Kustomize lets you reuse common configuration components across environments while varying environment-specific settings like replica counts, memory/CPU limits, etc. You don’t have to maintain separate YAML files for each environment.

Instead, you can create a common base and overlay customizations for each environment. Kustomize will then generate the final manifests for you by merging the base and overlays.

This approach streamlines configuration management and ensures consistency across environments. By tailoring configurations to the specific needs of each environment, Kustomize helps optimize resource utilization and ultimately contributes to cost management in Kubernetes deployments.

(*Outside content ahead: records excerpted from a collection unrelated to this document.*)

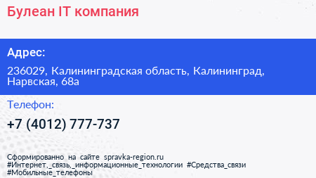 Булеан, IT-компания по адресу 236029, Калининградская область, Калининград, Нарвская, 68а в дальнейшем Организация, размещена в следующих категориях:
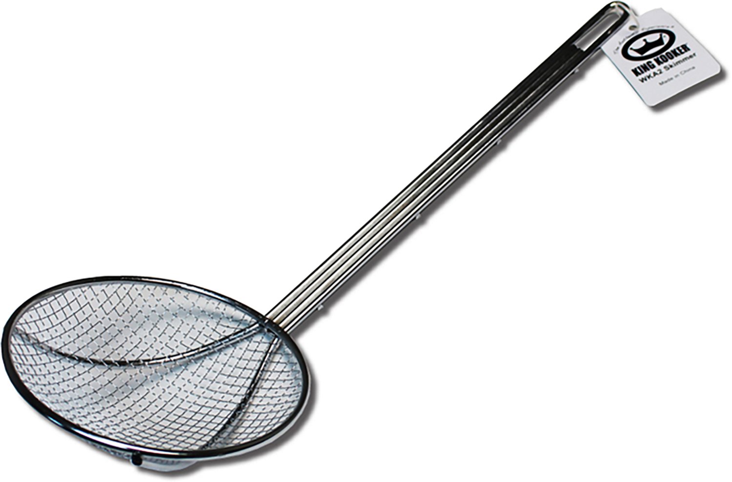 Prepare meals at home or at the campsite with the King Kooker 20 in Skimmer with 6 in Wire Mesh Bowl. It’s designed for skimming, straining and stirring foods like soups, stews, vegetables and more, and the chrome-plated design offers lasting durability.
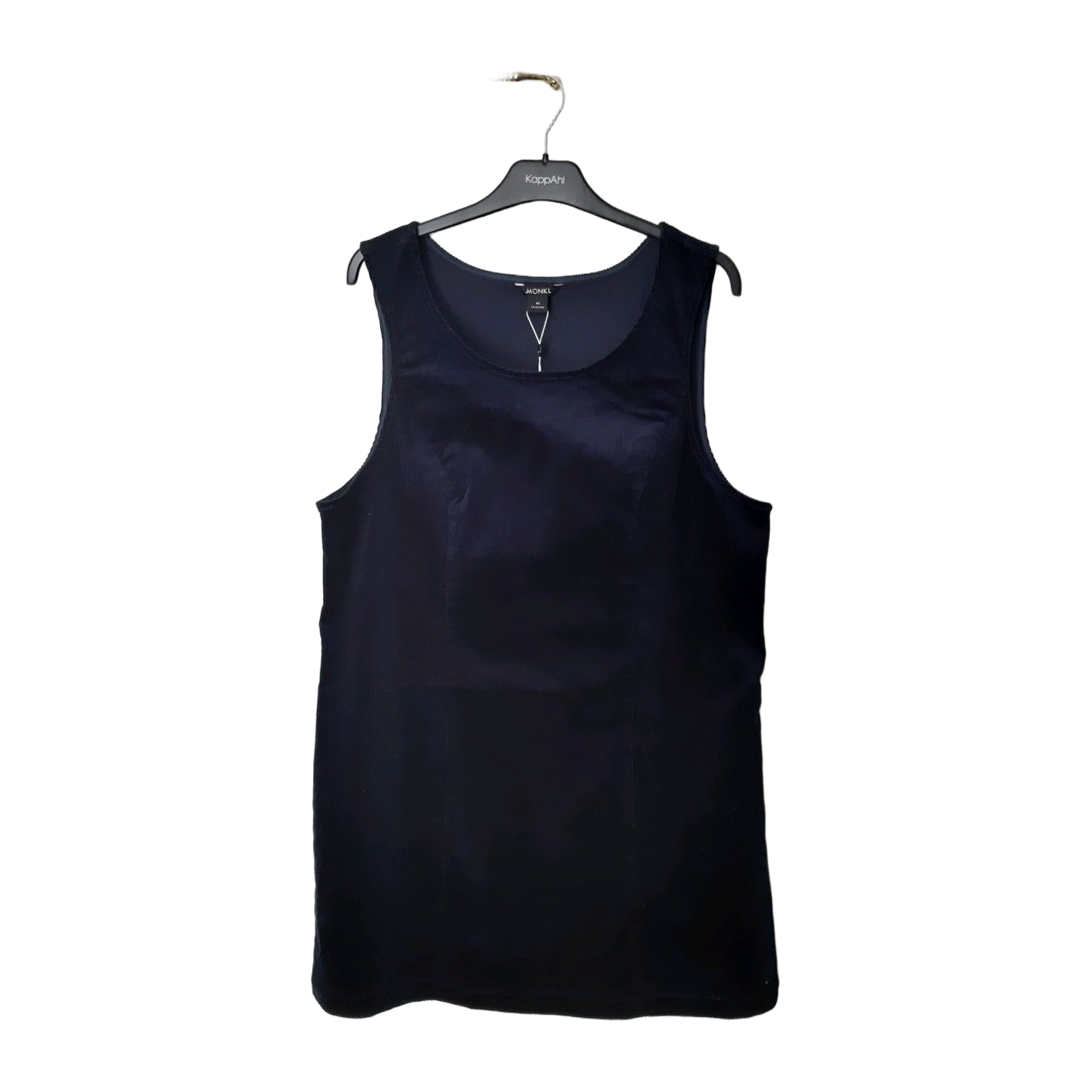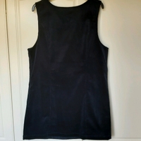Syvän tummansininen mini liivihame mekko vakosamettia. Sivussa piilovetoketju. Olkapäästä helmaan 89cm. Kuvissa eri valoissa. Koko eu 46
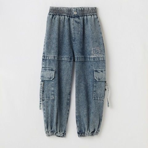 キラキラのラインストーンで描かれたキティちゃんがかわいいデニムロングカーゴパンツです。
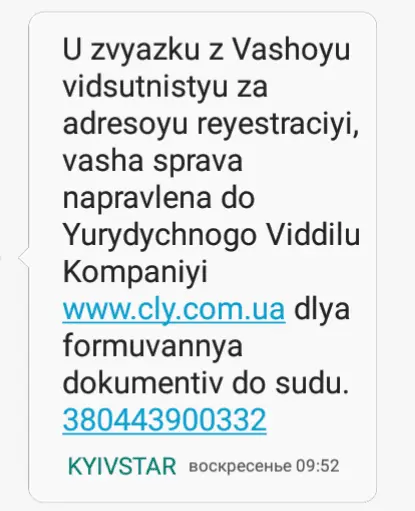 Лист-претензію вже доставлено за Вашою адресою. У Вас мало часу. ТЕРМІНОВО ЗВ’ЯЖІТЬСЯ viber://add?number=380633036811 або 0800605672

ArgoCD indeed plays a significant role in cost optimization within Kubernetes environments. By automating the deployment and management of applications, ArgoCD reduces the reliance on manual intervention, thereby minimizing human errors and the associated costs of troubleshooting and rectifying them. Additionally, ArgoCD facilitates continuous delivery, ensuring that deployments are efficient, reliable, and consistent across different environments. This automation not only saves time but also optimizes resource utilization by enabling faster rollouts and updates. Overall, ArgoCD contributes to cost optimization in Kubernetes deployments by streamlining the deployment process, reducing operational overhead, and improving overall resource efficiency.

Overall, Terraform has been a huge win in terms of flexibility, productivity, and cost management. The key takeaway for readers is to invest time in learning Infrastructure as code practices and tools like Terraform. The long-term benefits are well worth it, especially as complexity and scale increase.